_What you need to do_
Once you find the line with "Discover the exquisite" in the data below, transcribe exactly each line from there to the line with "2023年7月27日から、名", inclusive, and nothing else. Drop the pictures.

_Study material_
+++

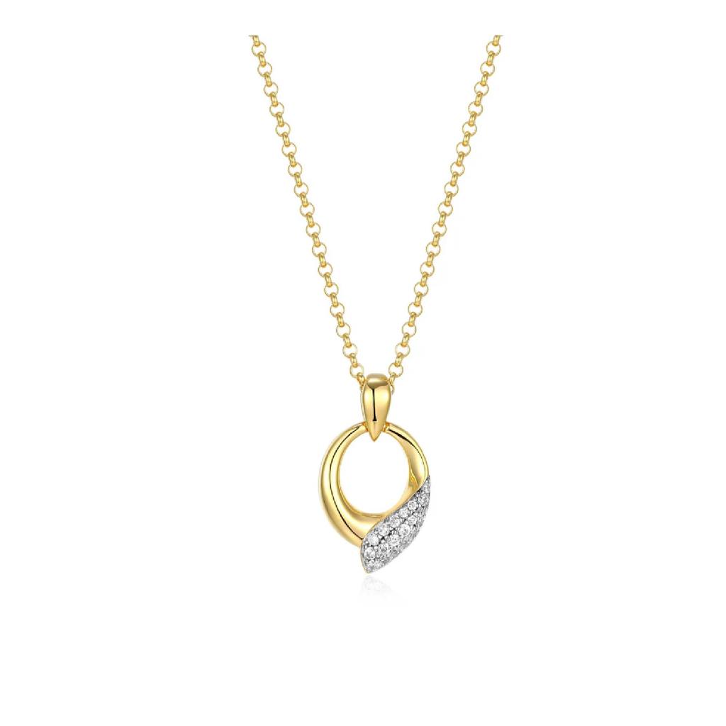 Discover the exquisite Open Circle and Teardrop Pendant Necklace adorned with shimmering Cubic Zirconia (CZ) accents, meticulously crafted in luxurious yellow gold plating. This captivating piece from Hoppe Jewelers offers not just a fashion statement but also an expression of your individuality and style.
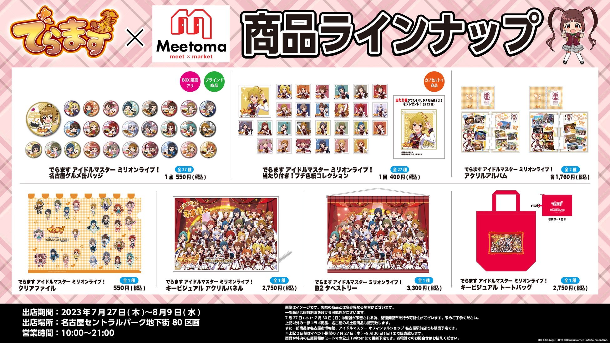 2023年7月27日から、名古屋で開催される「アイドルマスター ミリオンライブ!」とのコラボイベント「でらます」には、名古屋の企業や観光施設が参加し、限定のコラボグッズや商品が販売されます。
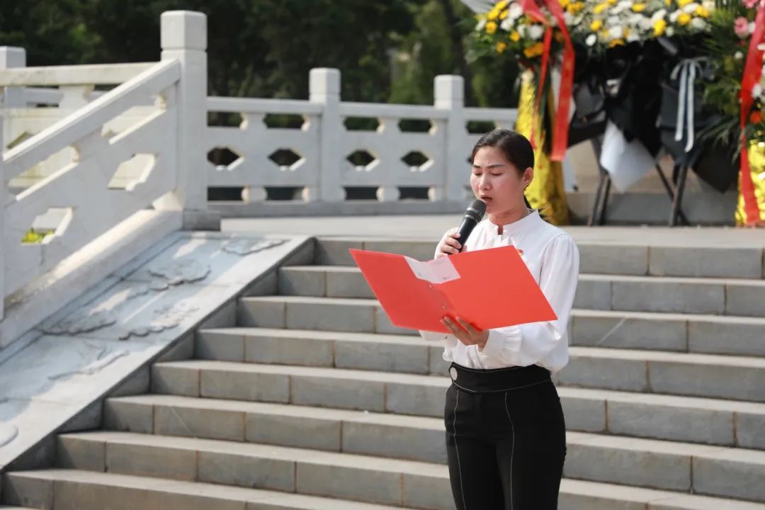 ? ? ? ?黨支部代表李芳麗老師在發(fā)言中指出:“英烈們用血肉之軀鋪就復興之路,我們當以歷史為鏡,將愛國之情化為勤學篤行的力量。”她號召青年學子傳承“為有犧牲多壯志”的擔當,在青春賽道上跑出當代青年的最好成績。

+++

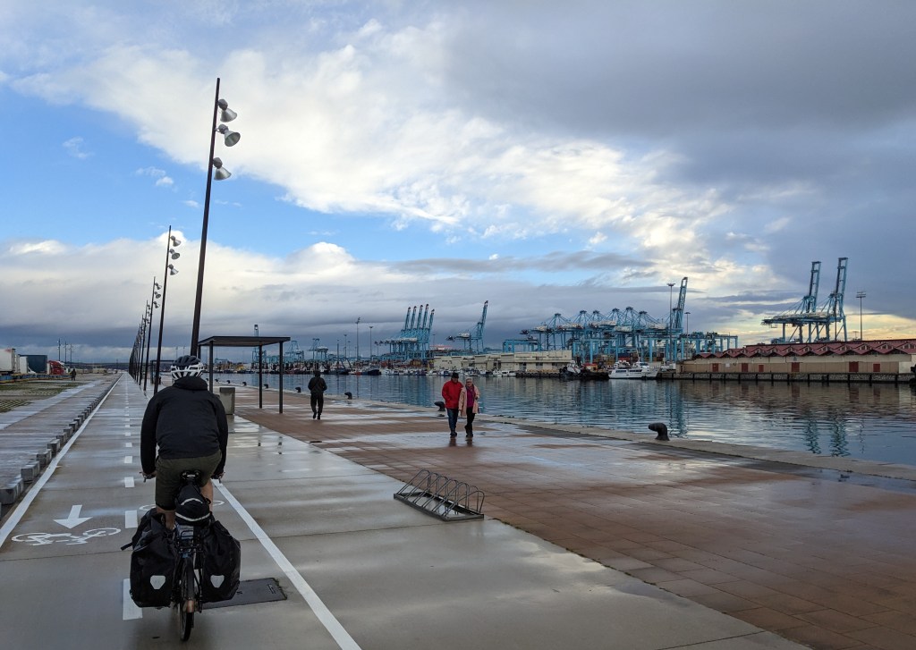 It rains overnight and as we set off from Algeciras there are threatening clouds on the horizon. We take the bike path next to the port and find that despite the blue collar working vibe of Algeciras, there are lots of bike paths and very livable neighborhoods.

+++

_Expected answer_
 Discover the exquisite Open Circle and Teardrop Pendant Necklace adorned with shimmering Cubic Zirconia (CZ) accents, meticulously crafted in luxurious yellow gold plating. This captivating piece from Hoppe Jewelers offers not just a fashion statement but also an expression of your individuality and style.
 2023年7月27日から、名古屋で開催される「アイドルマスター ミリオンライブ!」とのコラボイベント「でらます」には、名古屋の企業や観光施設が参加し、限定のコラボグッズや商品が販売されます。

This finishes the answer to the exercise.